Home / IB DP Math MAI SL : IB Style Mock Exams – Set 3 Paper 2

IB DP Math MAI SL : IB Style Mock Exams – Set 3 Paper 2

Question

The average daytime temperature for a city is given by the function $D(t)=5 \cos (30 t)^{\circ}+20^{\circ} \mathrm{C}$, where $t$ is the time in months after January.

a Sketch the graph of $D$ against $t$ for $0 \leqslant t \leqslant 24$.

b Find the average daytime temperature during May.

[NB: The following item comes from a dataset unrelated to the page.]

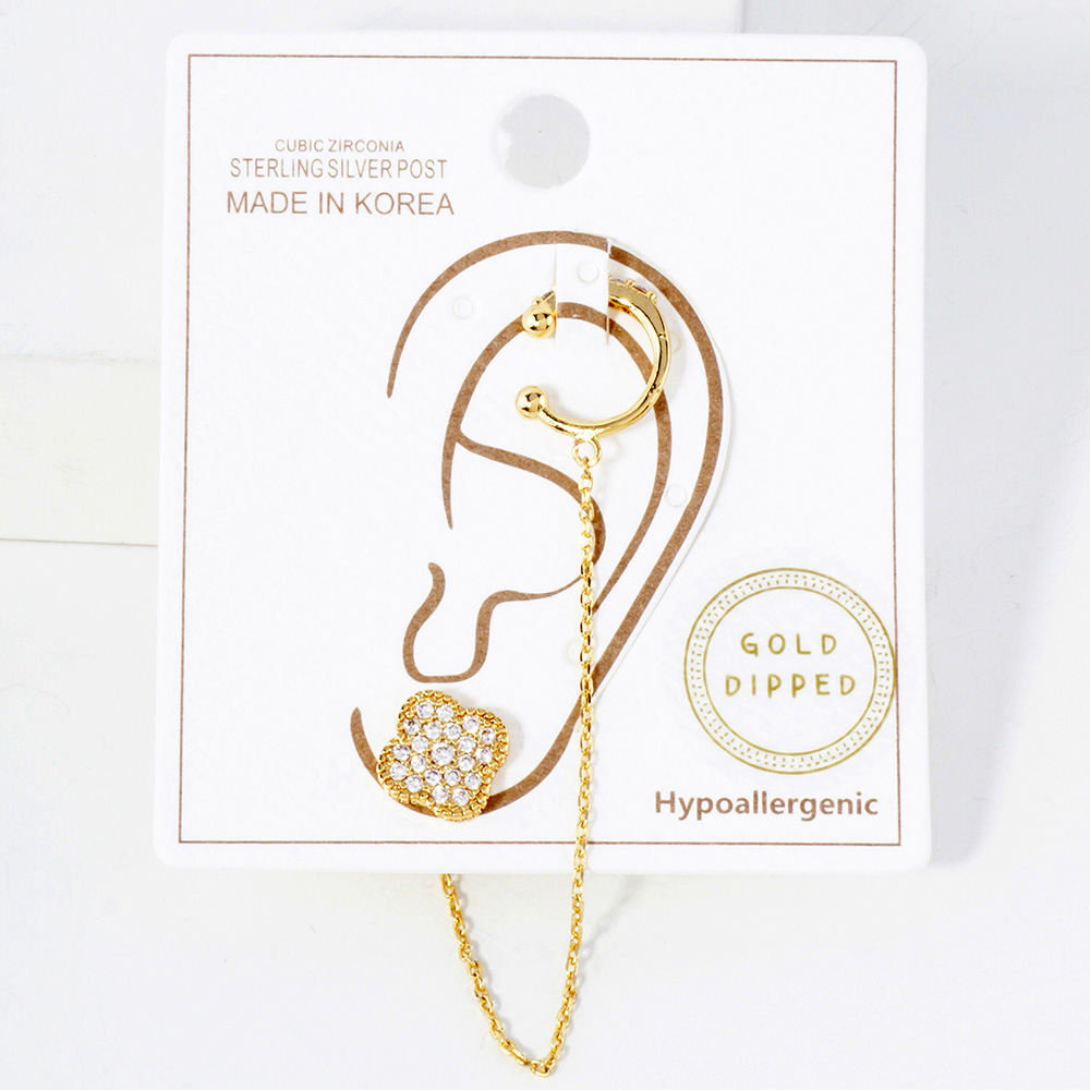 • This gold-dipped chain earring features a sparkling clover charm linked to a sleek ear cuff, offering a chic and elegant design. Adorned with cubic zirconia and crafted with hypoallergenic sterling silver posts, it’s a modern accessory perfect for effortless sophistication.

c Find the minimum average daytime temperature, and the month in which it occurs.

▶️Answer/Explanation

Sol:

a

For $D(t)=5 \cos (30 t)^{\circ}+20$ :

  • the amplitude is 5
  • the period is $\frac{360}{30}=12$ months
  • the principal axis is $D=20$.

b

May is 4 months after January.
When
$
\begin{aligned}
t=4, \quad D & =5 \times \cos 120^{\circ}+20 \\
& =5 \times\left(-\frac{1}{2}\right)+20 \\
& =17.5
\end{aligned}
$
So, the average daytime temperature during May is $17.5^{\circ} \mathrm{C}$.

c

The minimum average daytime temperature is $20-5=15^{\circ} \mathrm{C}$, which occurs when $t=6$ or 18 .
So, the minimum average daytime temperature occurs during July.

 

Question

As a hot air balloon is inflated, the volume of air inside it after $t$ minutes is given by $V=2 t^3-3 t^2+10 t+2 \mathrm{~m}^3$ where $0 \leqslant t \leqslant 8$.

Find:
a.  the initial volume of air in the balloon

b.  the volume at $t=8$ minutes

c.  $\frac{d V}{d t}$ and explain what it means

d.  the rate of increase in volume at $t=4$ minutes.

▶️Answer/Explanation

Sol:

a

When $t=0, V=2 \mathrm{~m}^3$
Initially there were $2 \mathrm{~m}^3$ of air in the balloon.
b

When $t=8, \quad V=2(8)^3-3(8)^2+10(8)+2$
$
=914 \mathrm{~m}^3
$

After 8 minutes there were $914 \mathrm{~m}^3$ of air in the balloon.

c

$\frac{d V}{d t}=6 t^2-6 t+10 \mathrm{~m}^3 \mathrm{~min}^{-1}$
This function tells us the rate at which the volume of air in the balloon is increasing after $t$ minutes.

d

When $t=4, \frac{d V}{d t}=6(4)^2-6(4)+10$
$
=82 \mathrm{~m}^3 \mathrm{~min}^{-1}
$

Since $\frac{d V}{d t}>0, V$ is increasing.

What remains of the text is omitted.